もう光は早春を帯びているものだから、空は恥らうような薄青色に晴れ渡り、
一昨日降った雪が家々の屋根から時折思い出したようにドスンと落ちる音ではっと我に返る。
雪解け水の音、それは、どこをどう流れ消えてゆくのか。自分が溶けてゆくような錯覚。
どこまでも潤って、光に向って、伸びをする。豆の木のようにするすると空に手を伸ばし、
面白がってくねくねと身をたわませながら、春を遊ぶのだ。

そうやって、春がくるはずだった、去年も。

押し寄せてきたのは、雪解けの水ではなくて、
塩辛く、苦く、体ごと押し潰してゆくような瀑布のごときそれだった。
時に黒煙をあげる火さえも舌先に携えながら。


また、来るのだろうか。
また、それは来るのだろうか。

本当はとても怖い。身を縮ませて消え入りたいほどに怖い。

おかしなものではないか。きのう、同僚と話していた。
必ず、そういう目にあうのだと知っていながら、わたしたちは、その土地を動かない。
蛇に睨まれて動けなくなっている蛙のようでもあるけれど、それとも、やはり違う。

「ここで」生を繋ごうとすること。
災禍を想定していないのではない。本能は、災禍の悲劇など刷り込み済みで
それでも尚生き残る何パーセントかを、「この場所」でつなげてゆくことに賭けているかのようだ。
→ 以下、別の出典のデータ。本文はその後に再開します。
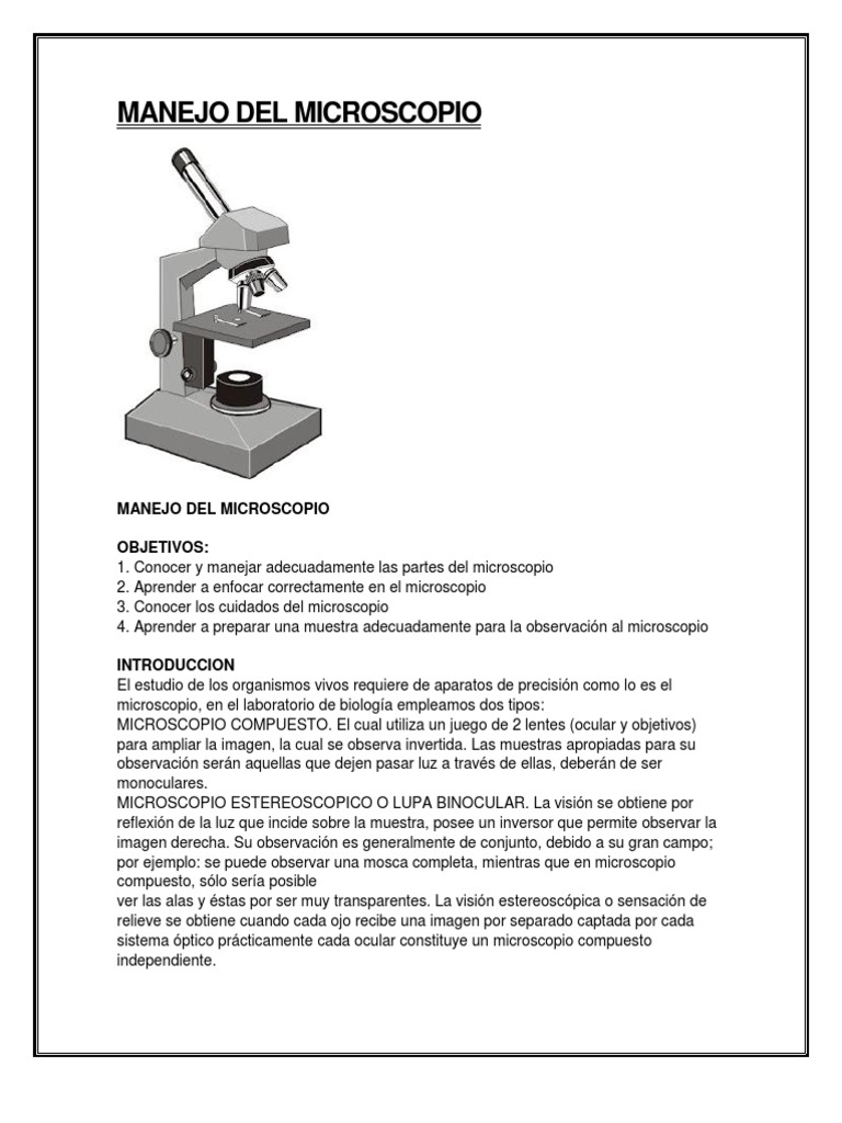 MANEJO DEL MICROSCOPIO OBJETIVOS: 1. Conocer y manejar adecuadamente las partes del microscopio 2. Aprender a enfocar correctamente en el microscopio 3. Conocer los cuidados del microscopio 4. Aprender a preparar una muestra adecuadamente para la observacin al microscopio INTRODUCCION El estudio de los organismos vivos requiere de aparatos de precisin como lo es el microscopio, en el laboratorio de biologa empleamos dos tipos: MICROSCOPIO COMPUESTO. El cual utiliza un juego de 2 lentes (ocular y objetivos) para ampliar la imagen, la cual se observa invertida. Las muestras apropiadas para su observacin sern aquellas que dejen pasar luz a travs de ellas, debern de ser monoculares. MICROSCOPIO ESTEREOSCOPICO O LUPA BINOCULAR. La visin se obtiene por reflexin de la luz que incide sobre la muestra, posee un inversor que permite observar la imagen derecha. Su observacin es generalmente de conjunto, debido a su gran campo; por ejemplo: se puede observar una mosca completa, mientras que en microscopio compuesto, slo sera posible ver las alas y stas por ser muy transparentes. La visin estereoscpica o sensacin de relieve se obtiene cuando cada ojo recibe una imagen por separado captada por cada sistema ptico prcticamente cada ocular constituye un microscopio compuesto independiente.

たとえ、平均寿命が50年縮まったとしても、30年の寿命のなかで、80年に匹敵することを
成し遂げえる知能を与えられた人類は、それゆえに、多くの悪どい詭計を測り、富に目のくらむ
醜態をさらしてきたけれど、もっと別の生き方を選ぶことができるなら、すこしでも善い本能だけで
この一年を生ききることだけを考えて暮らせるならば、災禍のあとに生き延びてくれる誰かに
なにか善いものを残せるだろうか。

死ぬのは怖いけれど、その最後の一日を、期せずして清らかな気持ちでいられたというなら、
それはそれで幸せなことだと考えてみようかと思う。そうであれたらいいと思う。